Here is a detailed summary of the video transcription in markdown format, broken down into sections for better readability:
Varying Mental Models
- People can look at the same window but see different things - one might notice a beautiful tree, while another sees a cool car.
- Without each other's perspectives, the mental model is incomplete, which is often seen in incident reviews.
- The "line of representation" separates the cognitive work (below the line) from what is visible above the line.
- Those working above the line continuously build and refresh their models of what lies below, which is critical for understanding system resilience and adaptive capacity.
A Tale of Two Incident Reviews
Incident Review 1 (Templated Approach)
- This was a seemingly innocuous incident with little customer impact, handled with a templated approach.
- The purpose was to file a report, not to engage in learning.
- The incident review provided limited context, raising more questions than answers for a new team member.
- The language used was often counterfactual, suggesting "should haves" rather than describing what actually happened.
Incident Review 2 (Cognitive Work Approach)
- This review was conducted by an engineer outside the main team, providing a fresh perspective.
- It focused on the cognitive work, examining how people communicated during the incident.
- The review included evidence from previous deploys, involved teams not previously included, and aimed to engage the audience.
- It leveraged various data sources, including chat logs, written communication, video recordings, and understanding the people involved.
Lessons Learned
- The more fields in a template, the less people think about what really happened.
- Focusing on the cognitive work and how people communicated provides valuable insights.
- Involving a diverse set of stakeholders, including frontline support, dependent teams, future project managers, executives, and the wider organization, can lead to more learning opportunities.

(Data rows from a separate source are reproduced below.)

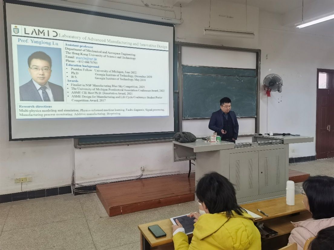 2024年1月15日下午15:00,应我院曹龙超特聘教授邀请,香港科技大学的陆杨龙教授在阳光校区8D201为williamhill英国中文师生做了一场精彩生动的学术报告。报告题目为“物理信息机器学习及其在先进制造中的应用(Physics-Informed machine learning in advanced manufacturing)”,学院院长余联庆教授以及近100名师生代表出席了本次学术报告。
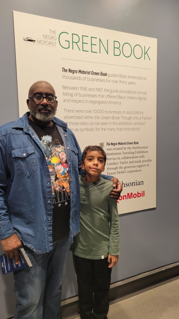 One of the reasons for our 4-hour excursion to Houston was to see the museum exhibit The Green Negro Motorist Handbook at the Holocaust Museum before it moved on to other pastures (in this case Los Angeles, CA). For those who don’t know, during the Jim Crow days the Green Negro Motorist Handbook was a way for Black people to travel the country with grace and dignity, and just live with the freedom that car travel provides, despite the laws that restricted our rights. There is an interactive display where you can navigate a trip to grandma’s house, and you can choose to use the handbook or go without, to your own peril.
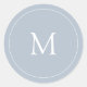 This simple and modern wedding sticker features a trendy, light dusty blue background with your initial in elegant white text, and a matching white circular frame. It is made to coordinate perfectly with our "subtle watercolor roses" wedding collection.

- Communication dissemination and knowledge sharing are crucial, as there is no single right way to do this.
- Cognitive questioning and establishing rapport can help build trust and elicit more information from experts.
- Continuous learning from incidents can lead to onboarding, professional development, meta-analysis, and identifying knowledge gaps.

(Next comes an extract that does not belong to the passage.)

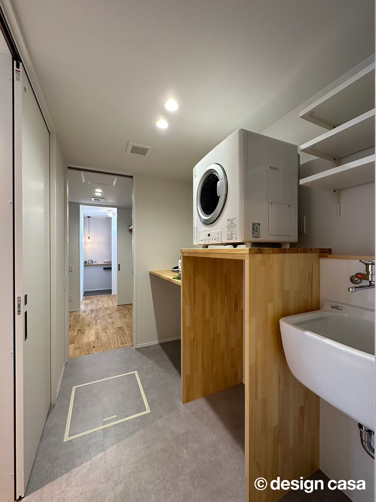 サニタリースペースは、生活動線を意識した実用的な設計です。洗濯機の設置スペースや作業台が効率よく配置されており、家事をスムーズにこなせます。また、木目のカウンターが加わることで、機能的でありながら温かみのある印象になります。さらに奥には収納棚も備わり、タオルや洗剤などをすっきりと収められます。毎日の暮らしを快適にサポートする、使い勝手とデザイン性を兼ね備えた空間です。
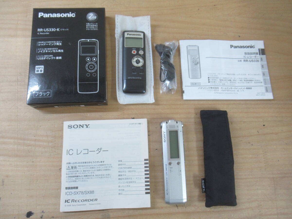 - v36☆ 【 動作確認済み ICレコーダー まとめ 2台 】 パナソニック 2GB ブラック RR-US330-K SONY ステレオ 1GB ICD-SX78 セット 250417

- Not every incident is worthy of a deep dive, but relating incidents over time can reveal valuable insights.
Circle CI's Journey
- Circle CI's reliability journey, starting from writing monthly blog posts about their challenges to eventually seeing reliability as a competitive strength.

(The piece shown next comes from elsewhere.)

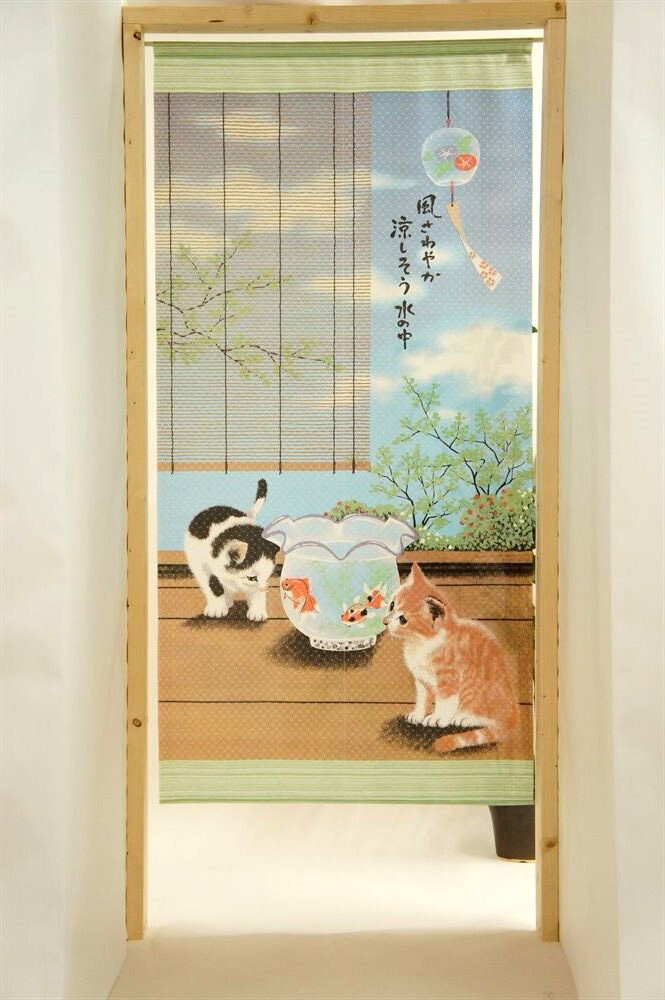 - 新品 暖簾 のれん 170cm丈 ロングサイズ 「夏ネコボーダー」【日本製】

- The formation of a "tiger team" to personally attend every incident and understand the underlying issues.
- Experimentation with different incident management tools, ultimately leading to the integration of jelly (now part of PagerDuty) to improve coordination and communication.
- The importance of extracting knowledge from experts to build up other team members and avoid single points of failure.
- Leveraging automation and tooling to reduce the coordination and communication burden during incidents.